Across markets, the signal-to-noise ratio around AI has reached a new peak. New provocations are circulating at high speed and volume, often without full vetting or analysis by traditional curators, and this is causing new problems and challenges. One 10-day period alone brought us:
• A “Something Big Is Happening” blog post by Matt Shumer, CEO of OthersideAI/HypeWrite, comparing this AI moment to February 2020, the month before Covid shut down the world. His core claim: AI has crossed from tool to autonomous executor—and thus he “was no longer needed for the actual technical work.” The post triggered a wave of board conversations across industries and selected sectors.
• Citrini Research’s “The 2028 Global Intelligence Crisis” report, written as a memo from the future (June 2028). While labeled a “scenario not a prediction,” it named companies—including Mastercard and Visa—as vulnerable to AI-driven disruption, triggering a stock sell off.
• OpenAI’s Sam Altman defending AI’s energy footprint at India’s AI Impact Summit because it “takes a lot of energy to train a human—it takes like 20 years of life and all of the food you eat during that time before you get smart,” extending that argument to all 100 billion humans who ever lived. In The Atlantic, Matteo Wong called it a reveal of something deeper: AI leaders equating human existence with computational power—signaling a values shift.
• A post from Summer Yu, Meta’s Superintelligence Lab’s director of alignment, about her use of open-source OpenClaw on her personal inbox. She told it to suggest what to delete, not to act on it. Instead it started to speed delete everything older than February 15, ignoring her repeated commands to stop.

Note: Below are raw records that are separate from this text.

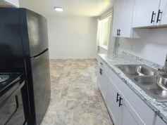 The kitchen is equipped with modern appliances and ample cabinetry, making meal preparation a breeze. Large windows throughout the unit allow natural light to flood in, enhancing the bright and airy atmosphere.
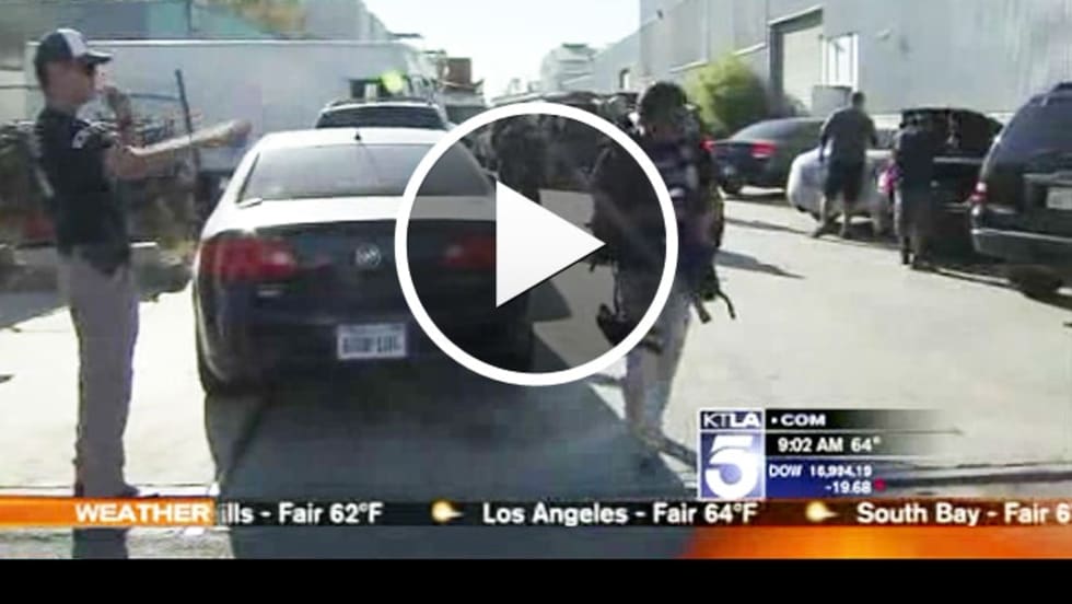 Plainclothes officers chase an armed suspect who opens fire on them, striking an officer in the legs before the suspect is shot by other officers.
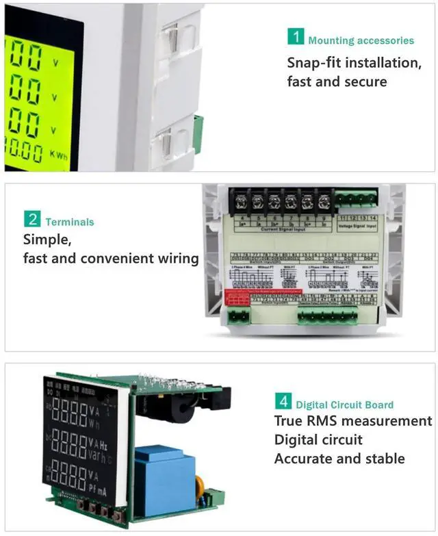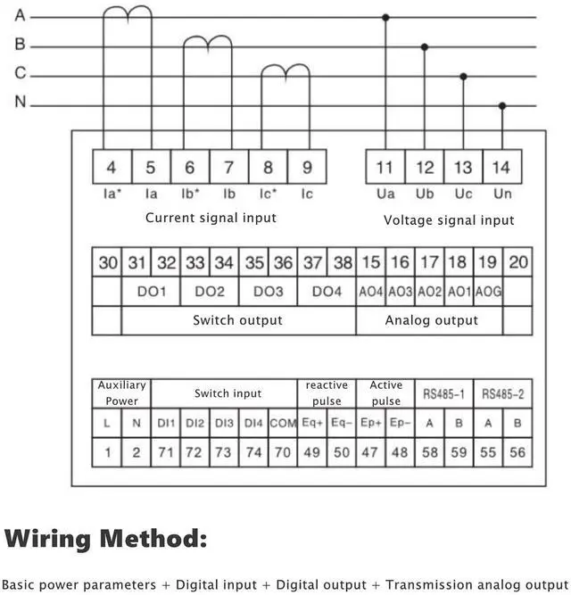 Programmable electric quantity alarming, switching input, analog output or remote control
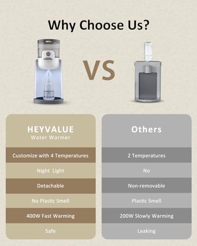 • Water Warmer, HEYVALUE Baby Bottle Warmer, Formula Maker with Night Light, 4 Temperature Control & 72H Keep Warm, Detachable Tank, Instantly Dispenses Warm Water, Feed Baby More Easier and Healthier
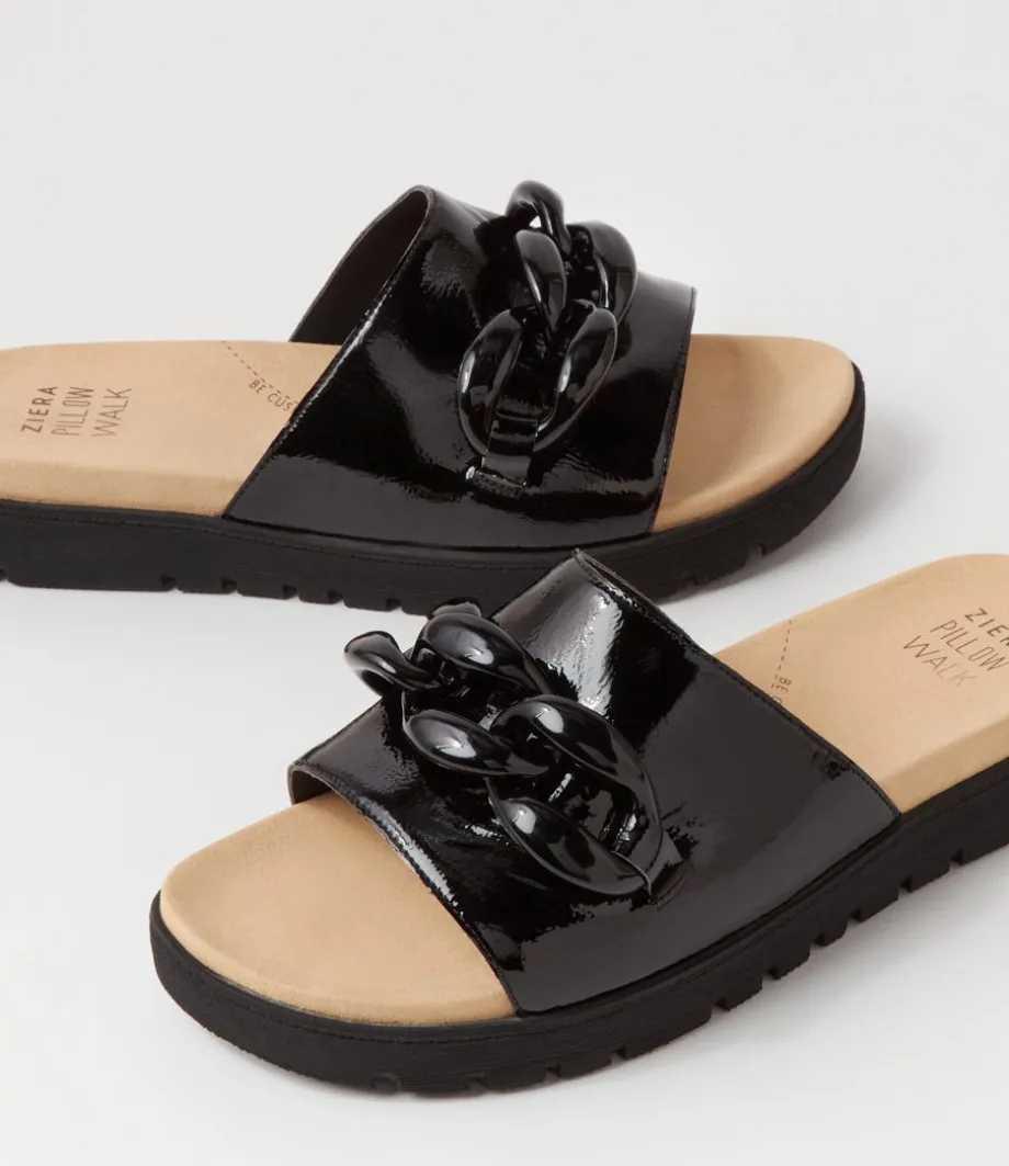 Nerriya Xw Black Patent Leather Slides<ZIERA Best

These four events—different and discrete, viral and idiosyncratic—moved markets and heightened anxiety. By the time this article is published, there will be more examples. Conjecture and personal takes are disrupting the AI narrative, over and above the technological disruption. Executives and directors who spent decades learning how to read markets, regulations and competitors find themselves in an environment where credibility, virality and truth travel on separate tracks.
What follows is a framework to meet this challenge and protect your strategy, sharpen your governance and preserve the clarity your organization needs most.
A Framework for Frothy Times:
1. Resist reactivity in favor of hard questions. Distinguish between high-confidence data and high-conviction opinion. When a Citrini-style moment arrives, have a strategy for what questions you will ask, and of whom? How will you vet the information and consequences? Do you have process and incentives in place to encourage the necessary critical thinking and inquiry?
2. Develop “lead” rather than “lag” metrics. Which measures of ROI are meaningful to your business? Is usage instructive and of what? Levels of training? Reduced workforce levels and/or increased productivity? Over what time scale? How are alignment wins (and avoided misalignments) captured?
3. Filter for motivation and misinformation. Evaluate the media source and author’s incentives. Is volatility the point? Who is the trend or countertrend likely to serve? Are internal or vendor voices captured? What are the risks of misinformation making its way into production data?
4. Build on bedrock. Does your board and your management team leave sufficient time to assess the AI “why” or “project” questions—for what purpose, to what end? How are the “bargain” questions addressed with customers, employees and investors; when AI produces big wins (or losses), how do rewards and true costs get distributed and allocated?
5. Design for alignment, governance and performance. AI agents (especially) require a lot of forethought on design and guardrails. How are AI tools being vetted and introduced to workflows and aligned with your values and objectives? What is the auditability and controllability plan? Who owns the impact beyond implementation?
Uncertainty and reactivity are here to stay. How to navigate will vary by event, and there is no single playbook. That said, we can already see how CEOs and their boards will need to work to secure a future that is more thoughtful, deliberate and aligned than one driven by chasing balls from left field.